— Ты кончишь сердиться, брат? — спросил Бораби.
— Никогда.
— Отец тоже сердитый человек.
— Это ты мне говоришь?
— Ты сын очень похож, как твой отец. — Филипп закатил глаза:
— Вот это что-то новенькое: индейский психоаналитик из джунглей.
— Потому что ты похож, как твой отец, ты его любишь больше других. И больше других обижаешься. А теперь обижен, потому что обнаружил, что, оказывается, старший брат не ты. Старший брат я.
Последовала короткая пауза, а затем Филипп разразился грубоватым смехом:
— Ну ты и загнул! Разве я могу идти в сравнение с неграмотным, татуированным индейцем с подпиленными зубами?
Бораби помолчал.
— Так я продолжу? — наконец проговорил он.
— Сделай одолжение.
— Ках устроил все, что нужно для смерти и похорон отца. Когда день настал, был большой праздник. Очень, очень большой. Пришли все тара. И отец тоже. Он очень радовался своим похоронам. Каждый получил подарки: кастрюли, сковородки и ножи.
Том и Сэлли переглянулись.
— Это в его духе, — усмехнулся Филипп. — Я так и вижу, как старый сукин сын выставлялся на собственных похоронах.
— Ты прав, Филипп. Отец радовался. Он много ел, пил, смеялся и пел. Открывал ящики и показывал священные сокровища белых людей. Всем понравилась Мать Мария с младенцем Иисусом на руках. У белых людей красивые боги.
— Липпи! — закричал Филипп. — Картина в хорошем состоянии? Как она перенесла дорогу?
— Самая прекрасная вещь, которую я когда-либо видел. Когда я смотрю на нее, то вижу нечто такое, чего раньше не замечал в белом человеке.
— Да-да, одна из лучших работ Липпи. Страшно представить, что ее засунули в сырую гробницу.
— Но Ках обмануть отца. Он обещал в конце праздника дать ему яд, чтобы тот безболезненно умереть. Но вместо этого дал другой, от которого отец заснуть. Кроме Каха, об этом никто не знает.
— Совсем как у Шекспира, — заметил Филипп.

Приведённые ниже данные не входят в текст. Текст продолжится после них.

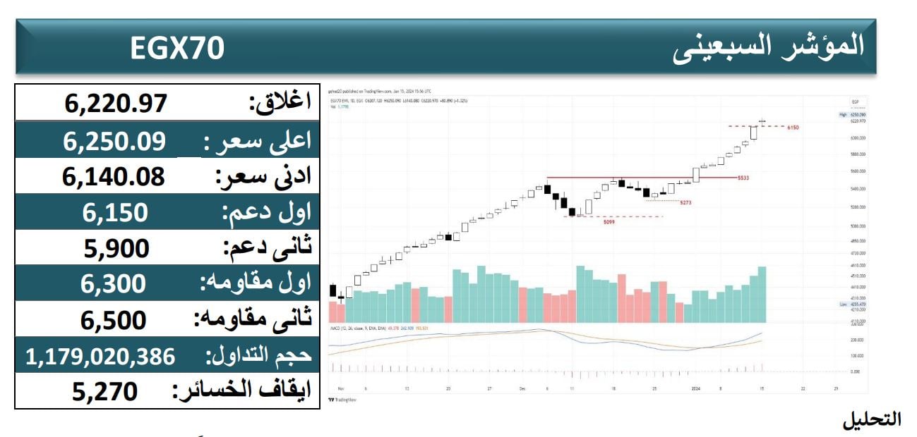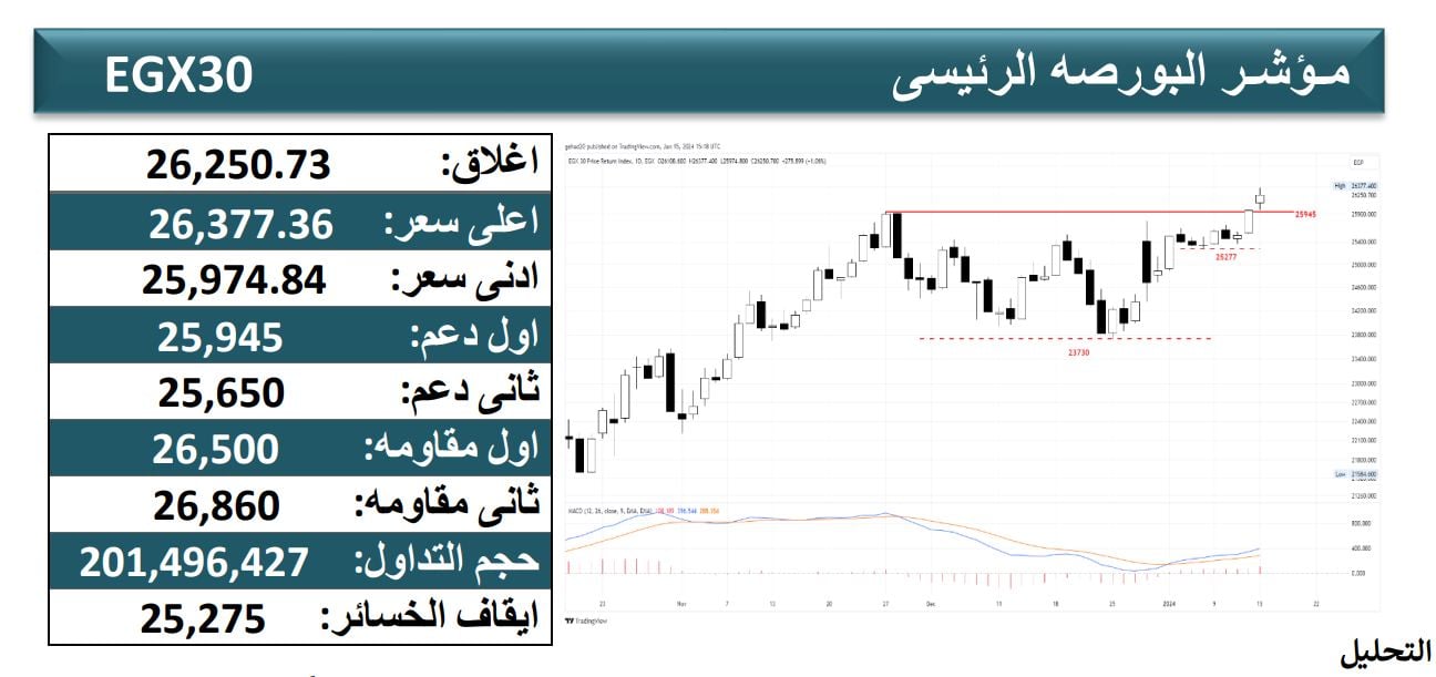 التحليل الفني لمؤشرات البورصة المصرية اليوم الأربعاء 17-1-2024 ,

— Спящего отца перенесли в гробницу с сокровищами. Завалили вход и замуровали в могиле. Мы все думали, что он мертв. Один Ках знал, что он не мертв, а только спит. И потом проснется в темной гробнице.
— Подождите, — вступил в разговор Вернон, — я что-то ничего не понимаю.
— А что тут понимать? — повернулся к нему Филипп. — Они похоронили отца заживо.
Все замолчали.
— Не они, — возразил Бораби. — Обмануть Ках. Племя тара ничего не знать.
— Без еды, без воды… — пробормотал Филипп. — Господи, это ужасно…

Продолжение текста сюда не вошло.